Omar Hakim: uma referência na bateria

Omar Hakim: uma referência na bateria

Nero

Com 52 e uma carreira de 40, na qual gravou com nomes como Sting [no álbum de estreia a solo deste], David Bowie, Weather Report ou Dire Straights, Omar Hakim tornou-se um dos mais respeitados e reconhecidos bateristas da cena mundial. Actualmente mais dedicado ao jazz, esteve em Portugal para uma workshop [organizada pela Caius] e um festival, e também para falar da sua carreira à AS, naturalmente. Aqui fica algum do Know How que partilhou connosco.

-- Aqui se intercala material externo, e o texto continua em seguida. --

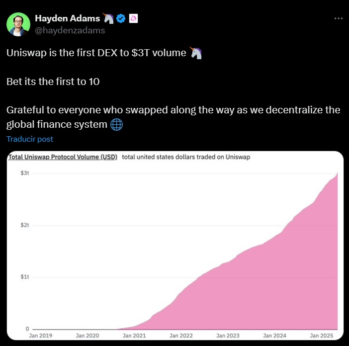 يونيسواب حققت للتو رقماً قياسياً جديداً في تاريخها كـ بورصة لامركزية. تجاوزت المنصة 3 تريليون دولار في حجم التداول التراكمي، لتصبح أول DEX تحقق هذا الرقم.
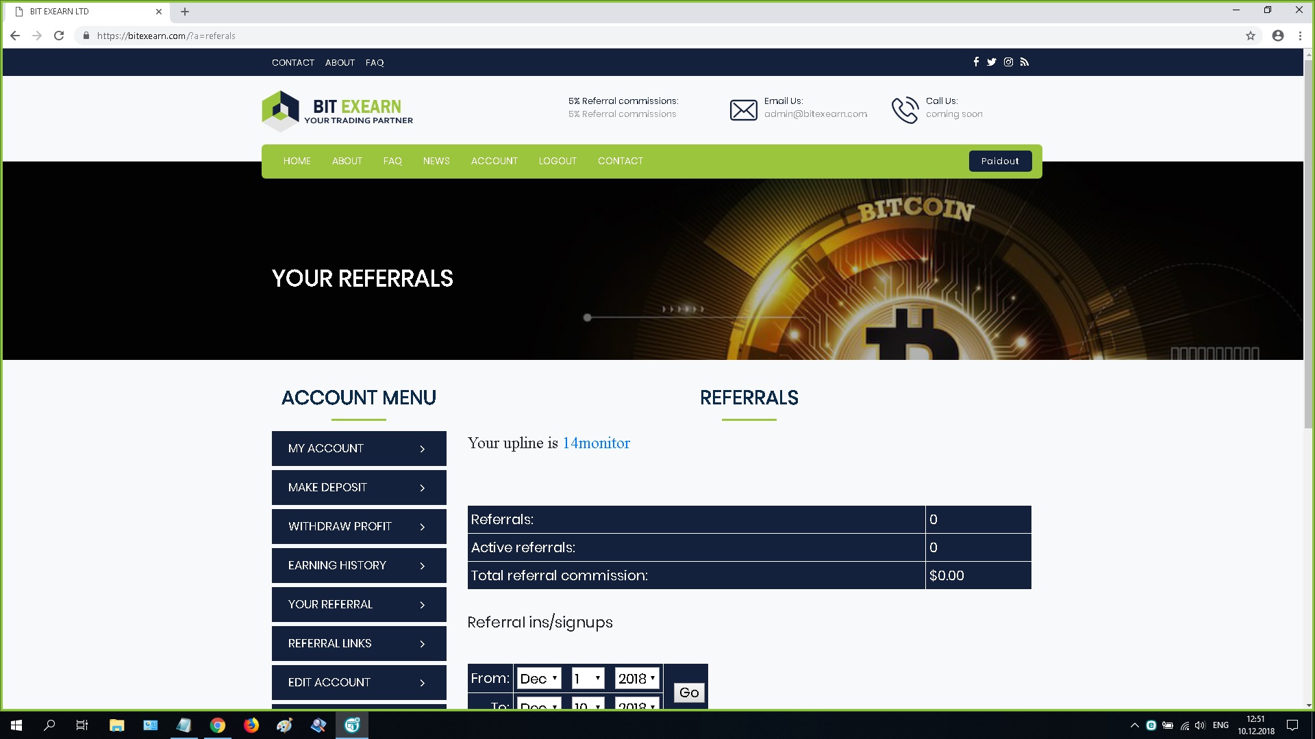 10 декабря я сделал депозит 50 долларов в почасовик bitexearn.com.
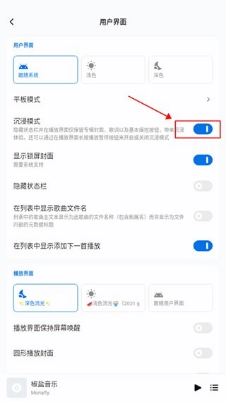 在用户界面设置里,找到沉浸模式选项,点击它右侧的开关按钮,具体操作可参照图示:
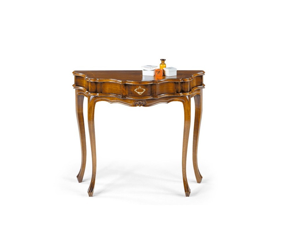 Console in classical style Rialto, Selva. The presented model color natural wood with drawers. The frame is made from Tulip tree. Legs made of beech wood, decorative metal fittings. The entire surface is lacquered.
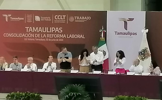 El Gobernador, Américo Villarreal Anaya, junto con la Secretaria del Trabajo Federal, Luisa María Alcalde Luján, encabezaron este viernes el evento para la consolidación de la Reforma Laboral en Tamaulipas realizado en el Polyforum de esta capital.
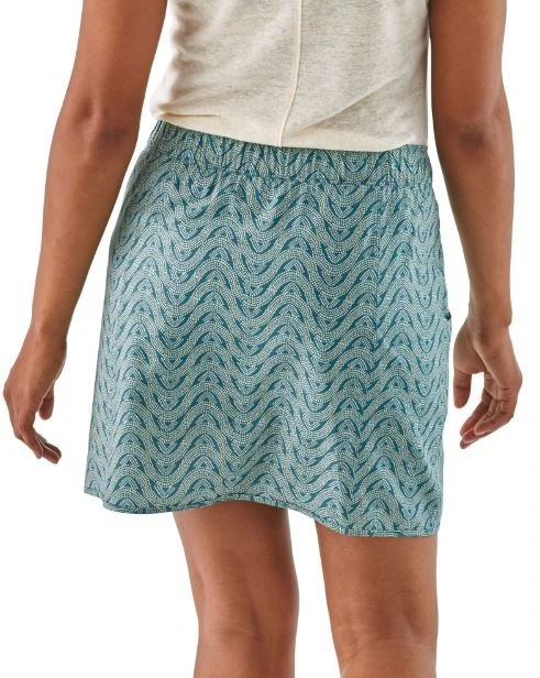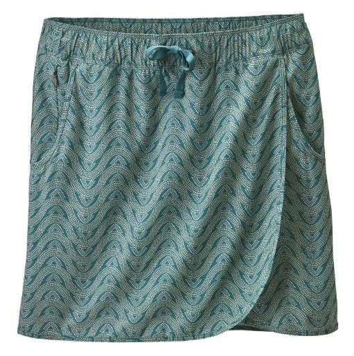 Der äußere Rock besteht aus einem reisefreundlichen Material aus 91% Recycling-Polyester und 9% Elastan mit DWR (durable water repellent) Imprägnierung und 50+ UPF UV-Schutz, das super-elastisch und knitterfest ist und sehr schnell trocknet. Der Bund mit Außenzugkordel schafft eine individuelle Passform. In zwei Reißverschlusstaschen vorn haben Pass und Smartphone Platz; eine verborgene Innentasche ist perfekt für Bargeld und Schlüssel. Die Front mit Wickeloptik und ein Schlitz an der Seite lassen beim Wandern Raum für weite Schritte. Die integrierte Jersey-Shorts aus 88% Polyester und 12% Elastan hat eine Beinlänge von 10 cm; der Skort hat einen gerundeten Saum, der über dem Knie abschließt.
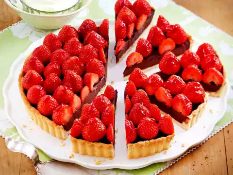 Wash and clean 600 g strawberries. Cover the tart with strawberries. Shortly before serving, heat up the jam and possibly 1 tbsp. water, fill into the disposable piping bag and cut off a small corner at the bottom.
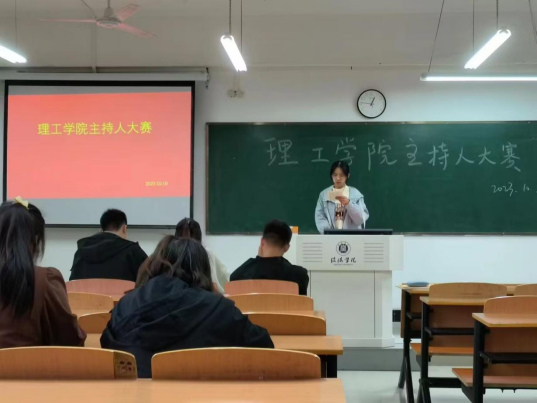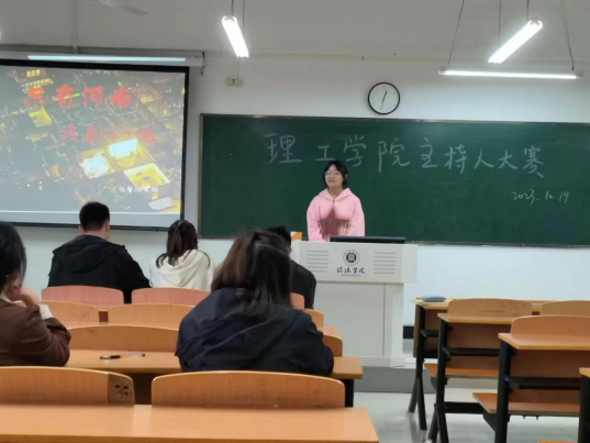 为提高理工学院全体同学综合素质能力,展现出勇于担当、积极作为的良好品质,以及在追求梦想的道路上永不停歇的精神。10月16日中午,理工学院在理工楼504、505教室举办了主持人大赛初赛。本次大赛由学生会主席团成员孙怡琳、学习部部长张羿杰、文艺部部长莫翔、陈恒、郝婧婧、樊静宇、朱玫洁担任评委。本次大赛共有22位参赛选手。
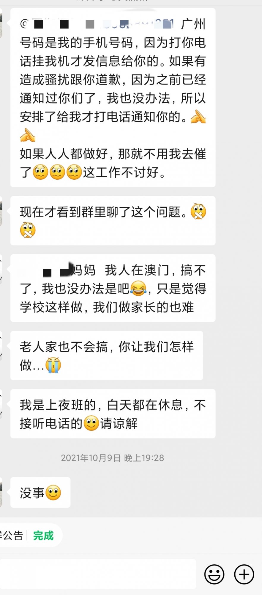 现在几乎什么时候有空什么时候完成,群里的大堆垃圾信息再与学习无关,早已不关心群里发生了什么,通知了什么,只有被老师圈的时候才知道任务漏了没完成。这样的手机任务全由家长独立完成,我早已没让小孩一起看了,根本就没那个闲工夫一起研究,回来就是做不完的作业,有时辅导都忙不过来,班级微信群就不应该存在,这种东西已经变性成了家长们累赘,变成了政治性的任务,变得了毫无意义。
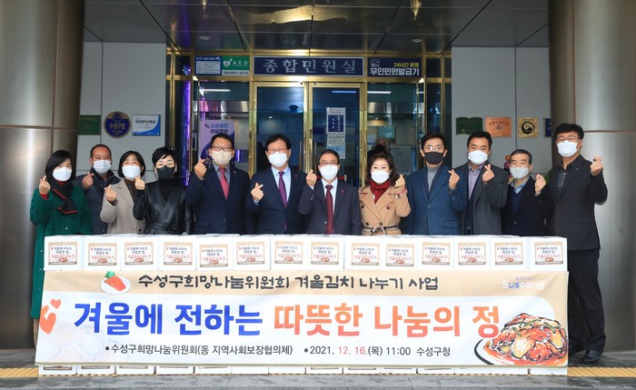김대권 수성구청장은 “코로나19로 힘든 시기인데 겨울김치를 지원해주셔서 어려운 주민들이 걱정을 덜게 됐다”며, “앞으로도 민·관 협력을 통해 따뜻한 수성구를 만들어가겠다”고 말했다.

O controlo dinâmico é o factor mais importante num baterista?
A dinâmica e o ouvido. Ouvires a música e perceber que ser baterista não é tanto sobre o que tocas, mas mais sobre o que NÃO tocas! Saber perceber o teu espaço, afinal um disco deve ser feito por uma banda, cada músico a suportar o músico que está ao seu lado, cada um com as suas partes e a banda a saber colá-las juntas.

É a experiência que vai acabar por definir o baterista, a sua rodagem?
Penso que não há qualquer dúvida a esse respeito, em qualquer instrumento! Com a experiência ficas mais confortável e há coisas que não aprendes na escola, é assim mesmo, tens que aprendê-las on the job! E quanto mais tocas, com músicos diferentes, em bandas diferentes, mais informação acolhes.

Ouvires a música e perceber que ser baterista não é tanto sobre o que tocas, mas mais sobre o que NÃO tocas!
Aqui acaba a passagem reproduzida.